The measure is aimed at street repairs, sidewalks, school routes, safety work, and neighborhood connections. In practical terms, that puts the proposal in the part of city government most residents notice every day: pavement conditions, walking safety, bike and pedestrian access, and whether local streets feel maintained or neglected.
What council changed
The April 21 action did more than move the proposal forward. According to the Tacoma City Council action memorandum, council members wanted clearer accountability and clearer ballot wording before placing the measure before voters. The revised version adds spending-use language after questions about how the money would be directed.
The council also updated the maximum property-tax levy-rate language. The memorandum says that change was meant to account for the possibility that assessed values could decline before the election, so the ballot language would still preserve the intended ceiling. That is a technical point, but it matters to taxpayers because it affects how the measure is described and capped, not just how it is marketed.
How the proposal is structured
Connect Tacoma is described by the city as a 10-year utility-tax and property-tax increase proposal. The city’s Streets Initiative background page says Tacoma is looking to replace older transportation funding that is expiring, which is why leaders are bringing a new street package back to voters.

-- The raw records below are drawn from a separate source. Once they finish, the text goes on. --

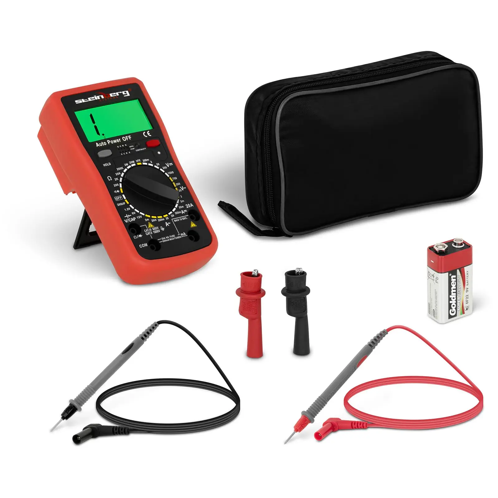 Steinberg Systemsin digitaalinen yleismittari kuuluu elektroniikkatyöpajojen ja sähköasennustöiden perusvarustukseen. Digitaalinen kompakti laite soveltuu jännitteen, virran, resistanssin, kapasiteetin mittaukseen sekä tasa- ja vaihtovirran jännitteen laaja- alaisiin seurantamittauksiin ja transistorin (hFE) testaukseen. Mitta-alueet ovat 200 mV – 1 000 V (DC), 2 V – 750 V (AC), 2 mA – 20 A (DC) ja 200 Ω – 2 MΩ. Kaikki tulokset esitetään laajalla 2 000 luvun näyttöalueella. CAT III luokallaan sitä voidaan käyttää esimerkiksi sähköjohtimien virran mittauksiin – ihanteellinen teollisuuteen, ammattikäyttöön, elektroniikan- ja mekaniikan osa-alueille sekä yksityiskäyttöön. Digitaalinen yleismittari on varustettu lukuisilla ominaisuuksilla, jotka tekevät mittarin käytöstä erityisen mukavaa. LCD-näytön taustavalaistus mahdollistaa reaaliajassa esitettävien arvojen vaivattoman lukemisen myös huonossa valaistuksessa. Hold-data-toiminnolla voit lisäksi jäädyttää mitta-arvot tietyksi ajaksi näytölle. Toimintojen ja mitta-alueen valinta tapahtuu helposti ja nopeasti suurella vääntökytkimellä. Kaikki tarvittavat johdot ja anturit sisältyvät toimitukseen. Pienen kokonsa ja kevyen painonsa ansiosta yleismittari sopii täydellisesti käteen ja paristokäytön ansiosta (6F22, 9 V ei kuulu toimituksen sisältöön) se on ihanteellinen myös liikkuvaan käyttöön. Automaattinen sammutustoiminto takaa paristojen pitkäikäisyyden. Lisäksi näytössä oleva symboli ilmoittaa hyvissä ajoin, kun on paristojen vaihton aika. Kulmasta säädettävä tukivarsi yleismittarin selkäpuolella sekä nailonlaukku säilytykseen mukavoittavat laitteen käyttöä.
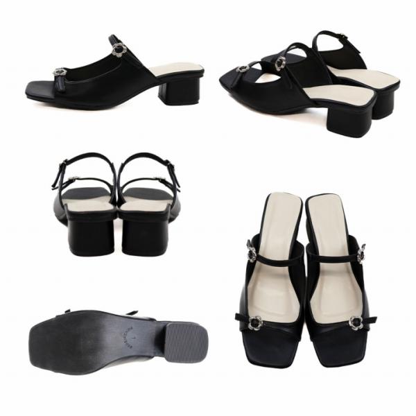 予約 VIVIAN フラワーバックル サンダル レディース ミュール つっかけ ストラップ 4cm ローヒール V33010SM
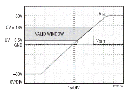 圖 2 示出了圖 1 電路中的 VIN 從 –30V 緩慢斜坡上升至 30V 時做出的反應(yīng)。UV 和 OV 門限被分別設(shè)定為 3.5V 和 18V。當(dāng)電源電壓位于 3.5V 至 18V 窗口之內(nèi)時, VOUT 跟隨 VIN。若超出該窗口時,LTC4365 將 關(guān)斷 N 溝道 MOSFET,并使 VOUT 與 VIN 斷接,即使在VIN為負值的情況下也不例外。

The city’s framing is straightforward: collect dedicated money for transportation work that residents can see and use. That includes road repair, safer school routes, sidewalks, and projects that connect neighborhoods. For homeowners, the direct effect would come through the property-tax side of the proposal. Renters would not get a property-tax bill, but they could still feel the effects indirectly if housing costs rise or if property owners pass along part of the expense. Businesses and commuters would also be affected through street conditions, delivery access, travel time, and neighborhood traffic patterns.
Why the city revised it before the ballot
The city’s revision appears tied to a familiar local-government problem: voters often want to know exactly what a transportation tax will buy and how tightly the spending is controlled. The updated resolution is Tacoma’s answer to that concern. Rather than leaving the proposal broad, council narrowed the language so the ballot reflects the intended uses more clearly.
That is especially relevant after Tacoma’s 2025 rejection of a previous street-funding effort, which helps explain why city leaders are emphasizing clarity this time. The new wording is meant to make the measure easier for voters to understand before they decide in August.
What residents should watch next
The key next step is not another council vote. The proposal is now headed to the August 4 ballot in its updated form. Between now and then, residents should watch the final ballot wording closely, because the tax structure, spending categories, and levy-rate language are what voters will ultimately be asked to approve or reject.
For Tacoma households, the practical question is simple: whether the city’s transportation needs, school-route safety concerns, and street maintenance backlog are worth a new 10-year funding commitment. For commuters and businesses, the question is whether better-funded street work would improve day-to-day travel, access, and reliability enough to justify the cost.